Recently, researchers at Google have developed a new dataset named Colossal Clean Crawled Corpus and a unified framework and model dubbed Text-to-Text Transformer. It converts language problems into a text-to-text format. According to the researchers, in experiments with one of the largest models ever submitted to the General Language Understanding Evaluation (GLUE) benchmark, they achieved state-of-the-art results on benchmarks covering question answering, text classification, and more.
Generally, to train a model to perform NLP tasks required ensuring the model develops knowledge enabling it to “understand” text — knowledge that might range from low-level to high-level. The team of researchers examined an approach that took text as input and produced new text as output, applying the same objective, training procedure, and decoding process to every task considered.

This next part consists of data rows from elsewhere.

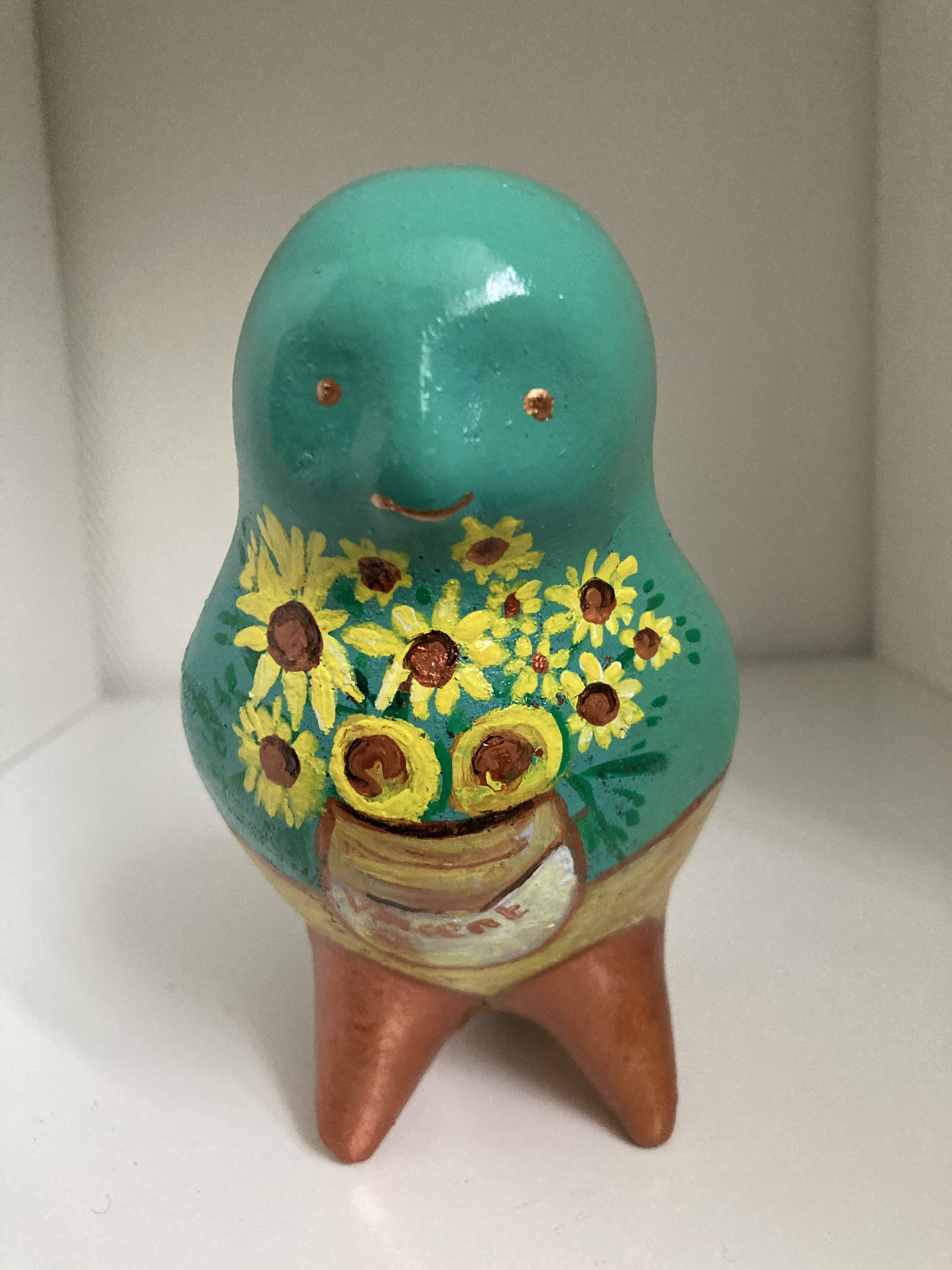 Een uniek keramisch beeldje van Marianne Bey Unica en gesigneerd Uit een collectie van 12 verschillend gestyleerde met de hand beschilderde beeldjes . Alle MijnKunst items worden aangetekend verstuurd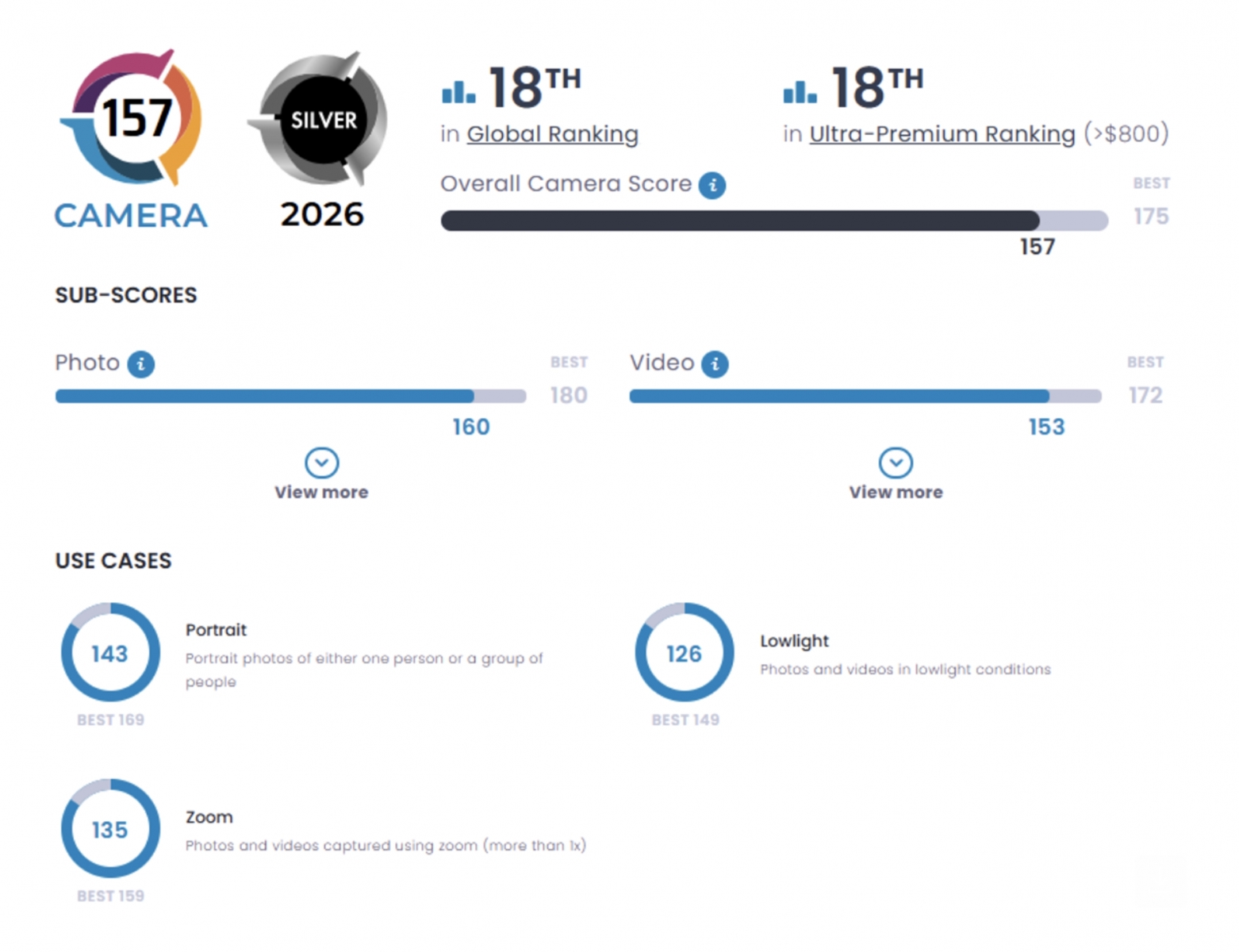 E drept şi că urcă scorul faţă de predecesor cu 6 puncte, ajungând la un total de 157. A primit 160 de puncte la foto şi 153 la video. Recorduri sunt la Bokeh, cu 165 din maximul de 180 şi la ultrawide pe video, cu 144 din 151. Mă miră punctajul de la telephoto, doar 141 din maximul de 170. Nici în low light nu mă dă pe spate scorul de 126 din maximul de 149.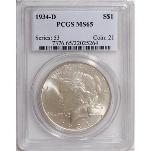 <B>1934-D $1 MS65 PCGS.</B></I> Just a light wash of golden patina covers the otherwise silver surfaces. This boldly struck piece offers premium appeal and a relatively untroubled appearance. <B><BR></B></I><I>From The Arnold & Harriet Collection.</B></I><BR><BR><B>Coin Engraver:</B> Anthony de Francisci<BR><BR><b>Shipping:</b> Coins & Currency (<a target="_blank" href="http://www.heritageauctions.com/common/shipping.php">view shipping information</a>\)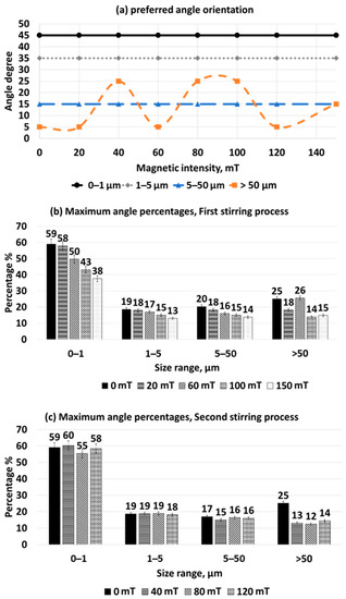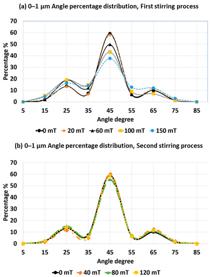 Figure 7b shows the angle distribution curve for the size range 0–1 µm during Steps 3 and 4 of the solidification experiments. In Step 3, the samples were solidified without instant stirring, but the molten liquid was stirred previously during Step 2. The angle distribution curve of Step 3 is identical to that of Step 1 (series 0 mT in Figure 7a), signifying that the angle percentages remained unchanged before and after the stirring process. This inference is valid even during the second stirring process in Step 4. The angle distribution curves for the parts, which were stirred twice, show a similarity in values (series 40, 80, and 120 mT).

Snippets in the training corpora, the researchers compiled sourced from the Common Crawl project. This project brushes roughly 20 terabytes of English text from the web each month. To filter out insensible menus, and error messages, they retained only text lines that ended in a terminal punctuation mark while deleting pages with obvious filler text and duplicates. The collection, as a result, is a claimed order of magnitude larger than most data sets used for pre-training, at around 750GB.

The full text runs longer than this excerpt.